These needs a Co-developed-by.  The only other scenario is that you and Anurag
wrote the patches, then handed them off to Shaju, who sent them to Manish, who
sent them back to you for posting.  I highly doubt that's the case, and if so,
I would hope you've done due diligence to ensure what you handed off is the same
as what you posted, i.e. the SOB chains for Shaju and Manish can be omitted.

In general, please read through most of the stuff in Documentation/process.

> the number of pages the vCPU has dirtied (dirty_counter) in the ongoing
> dirty quota interval, and the maximum number of dirties allowed for the
> vCPU (dirty_quota) in the ongoing dirty quota interval.
> 
> struct vCPUDirtyQuotaContext {
> u64 dirty_counter;
> u64 dirty_quota;
> };
> 
> The flag dirty_quota_migration_enabled determines whether dirty quota-based
> throttling is enabled for an ongoing migration or not.
> 
> 
> Handling page dirtying
> 
> When the guest tries to dirty a page, it leads to a vmexit as each page is
> write-protected. In the vmexit path, we increment the dirty_counter for the
> corresponding vCPU. Then, we check if the vCPU has exceeded its quota. If
> yes, we exit to userspace with a new exit reason KVM_EXIT_DIRTY_QUOTA_FULL.
> This "quota full" event is further handled on the userspace side. 
> 
> 
> Please find the KVM Forum presentation on dirty quota-based throttling
> here: https://www.youtube.com/watch?v=ZBkkJf78zFA
> 
> 
> Shivam Kumar (6):
>   Define data structures for dirty quota migration.
>   Init dirty quota flag and allocate memory for vCPUdqctx.
>   Add KVM_CAP_DIRTY_QUOTA_MIGRATION and handle vCPU page faults.
>   Increment dirty counter for vmexit due to page write fault.
>   Exit to userspace when dirty quota is full.
>   Free vCPUdqctx memory on vCPU destroy.

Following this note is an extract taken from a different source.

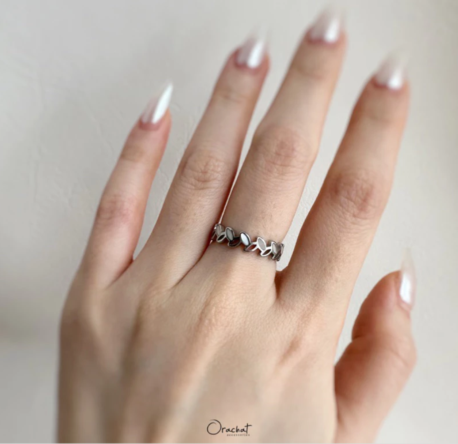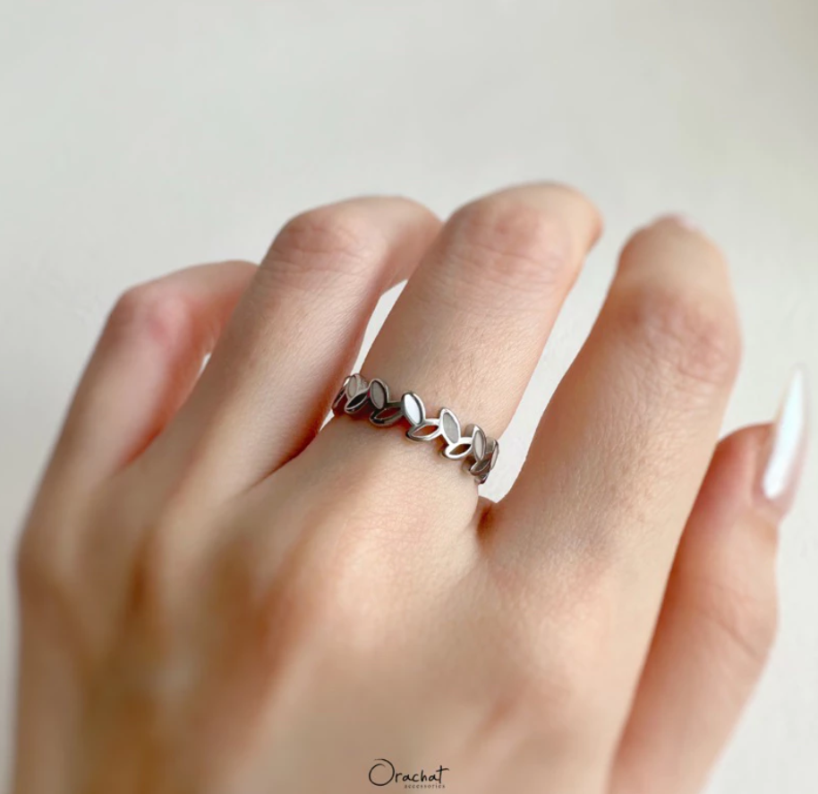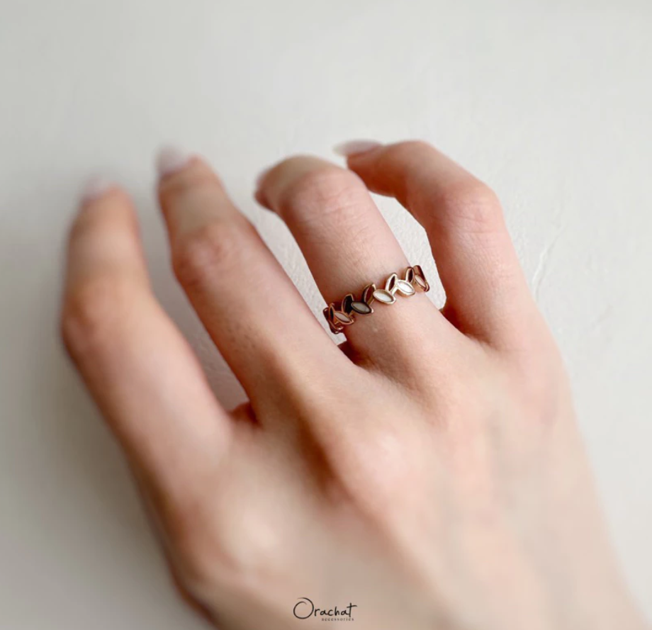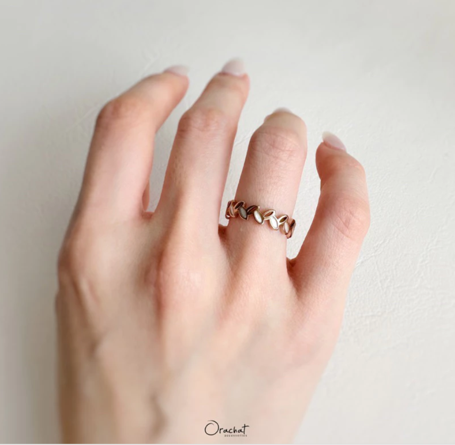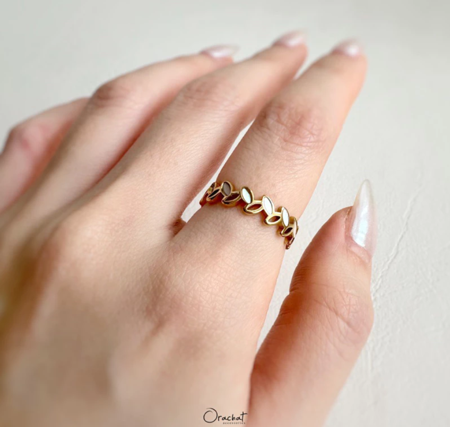 แหวนใบมะกอกรอบวงรุ่นใหม่ มีดีเทลที่ใบแต่งด้วยเปลือกหอยมุก สวยหรูดูแพงมาก ใบมะกอกคือเครื่องประดับความหมายดีที่สาวๆควรเก็บ!

Freeing memory in a later patch is not an option.  The purpose of splitting is
to aid bisection and make the patches more reviewable, not to break bisection and
confuse reviewers.  In general, there are too many patches and things are split in
weird ways, making this hard to review.  This can probably be smushed to two
patches: 1) implement the guts, 2) exposed to userspace and document.

>  Documentation/virt/kvm/api.rst        | 39 +++++++++++++++++++
>  arch/x86/include/uapi/asm/kvm.h       |  1 +
>  arch/x86/kvm/Makefile                 |  3 +-
>  arch/x86/kvm/x86.c                    |  9 +++++
>  include/linux/dirty_quota_migration.h | 52 +++++++++++++++++++++++++
>  include/linux/kvm_host.h              |  3 ++
>  include/uapi/linux/kvm.h              | 11 ++++++
>  virt/kvm/dirty_quota_migration.c      | 31 +++++++++++++++

I do not see any reason to add two new files for 84 lines, which I'm pretty sure
we can trim down significantly in any case.  Paolo has suggested creating files
for the mm side of generic kvm, the helpers can go wherever that lands.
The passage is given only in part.